Now let's set the number of epochs, and call our `train` and `test` functions for each iteration. We'll iterate through the training network by the number of epochs.  As we train the model, we'll calculate the loss as it decreases during the training. In addition, we'll display the accuracy as the optimization increases.

In [None]:
epochs = 15

for t in range(epochs):
    print(f'Epoch {t+1}\n-------------------------------')
    train(train_dataloader, model, cost, optimizer)
    test(test_dataloader, model)
print('Done!')

Let's look at the summary breakdown of the model architecture.
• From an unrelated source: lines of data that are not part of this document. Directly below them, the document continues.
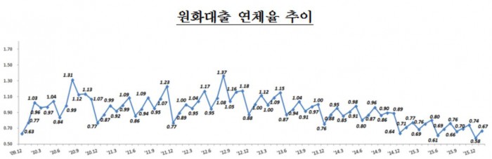 (서울=포커스뉴스) 올해 1월말 국내은행의 원화대출잔액과 연체율이 모두 상승했다. 29일 금융감독원에 따르면 1월말 국내은행의 원화대출잔액은 1360조4000억원으로 전월말 대비 7조6000억원(0.6%)증가했고, 연체율은 0.09%포인트 상승한 0.67%였다. 원화대출 연체율은 1개월 이상 원리금을 연체한 비율을 뜻한다. 원화대출 증가 추이를 살펴보면 중소기업의 증가액이 가장 많았다. 1월 중 중소기업 대출액은 4조원 증가한 580조6000억원이다. 대기업 대출은 1월 중 3조2000억원 증가한 182조5000억원이며, 가계 대출은 9000억원 늘어 563조7000억원으로 집계됐다. 가계대출의 경우에는 모기지론유동화잔액분까지 포함하면 전월말 대비 2조1000억원 증가했다. 1월 중 원화대출 연체율은 신규 대출분에 대한 연체발생액이 늘어나 상승했다. 월중 신규 연체발생액은 1조8000억원이며 연체채권 정리규모는 6000억원이다. 업종별로 살펴보면 부동산PF대출의 연체율이 높았다. 작년 12월말 4.61%였던 부동산PF대출 연체율은 1월말 0.06%포인트 증가한 4.67%를 기록했으며, 이 뒤를 건설업(3.55%)이 이었다. 금감원 측은 "취약업종의 부실화 가능성 및 가계부채 증가세 등 리스크요인을 지속 모니터링 할 예정"이라고 말했다.2016년 1월말 원화대출 연체율.<자료제공=금융감독원>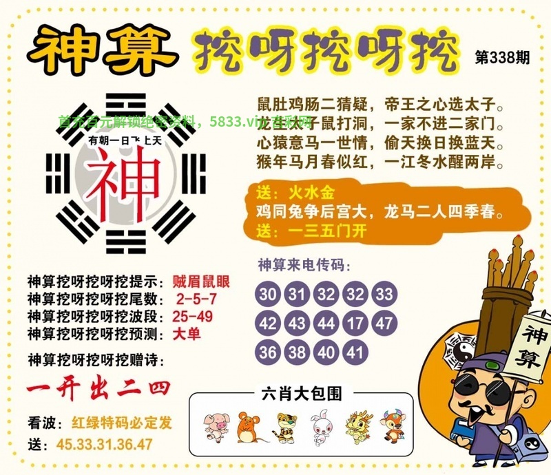 | 333-335期:必开:羊 鼠 猪 鸡 猴 |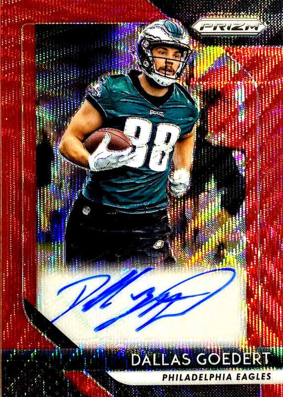 The Dallas Goedert 2018 Prizm #RA-DG Rookie Autographs - Red Wave (/199) card in Raw condition has not changed in price in the last 30 days and was last sold for $42.74 .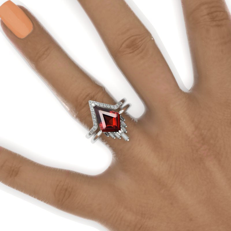 1.5 Carat Kite Ruby Halo 14K White Gold Engagement Ring, Eternity Ring Set
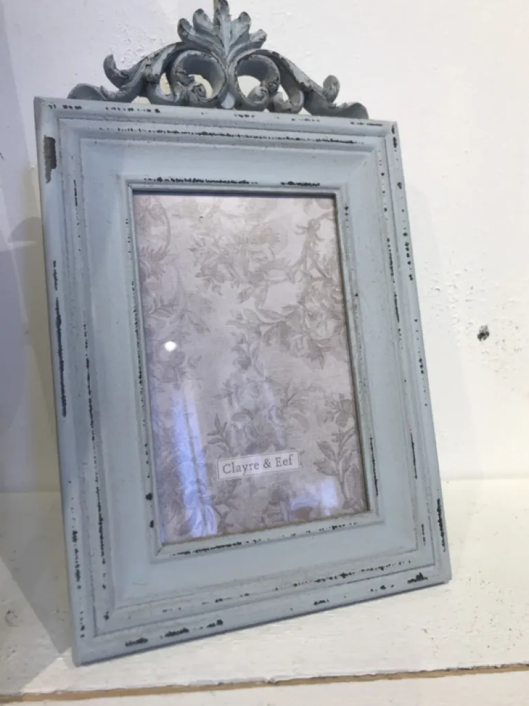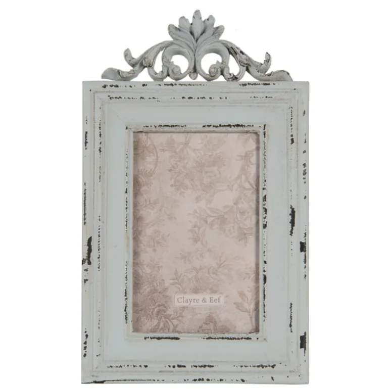 Mooie fotolijst met een brocante uitstraling, aan de bovenkant vind je een leuk mornament.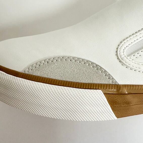 2026SSの新作『SEESAW AL』は、リサイクルレザーを使用したスリッポンスニーカーです。着脱が簡単で、ストレスフリーな履き心地が魅力です。独自のインソールが足全体をしっかりサポートし、快適な歩行を実現しました。SEESAWは、シンプルながらもユニークなデザインに由来し、足を軽やかに包み込む仕上がりとなっています。アウトソールもリサイクルラバーを使用してます。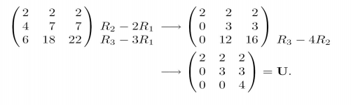 其实我们回忆一下高斯消去法,它的过程就是将一个矩阵逐渐变为一个上三角矩阵,举例:

It shows the number of filters used for the feature extraction and image reduction from pooling for each convolutional layer. Next, it shows 51136 input features and the 2 outputs used for classification in the linear layers.

In [None]:
summary(model, input_size=(15, 3, 201, 81))

 ## Test the model
 
You should have got somewhere between a 93-95 percent accuracy by the 15th epoch. Here we grab a batch from our test data, and see how the model performs on the predicted result and the actual result. 

In [None]:
model.eval()
test_loss, correct = 0, 0
class_map = ['no', 'yes']

with torch.no_grad():
    for batch, (X, Y) in enumerate(test_dataloader):
        X, Y = X.to(device), Y.to(device)
        pred = model(X)
        print("Predicted:\nvalue={}, class_name= {}\n".format(pred[0].argmax(0),class_map[pred[0].argmax(0)]))
        print("Actual:\nvalue={}, class_name= {}\n".format(Y[0],class_map[Y[0]]))
        break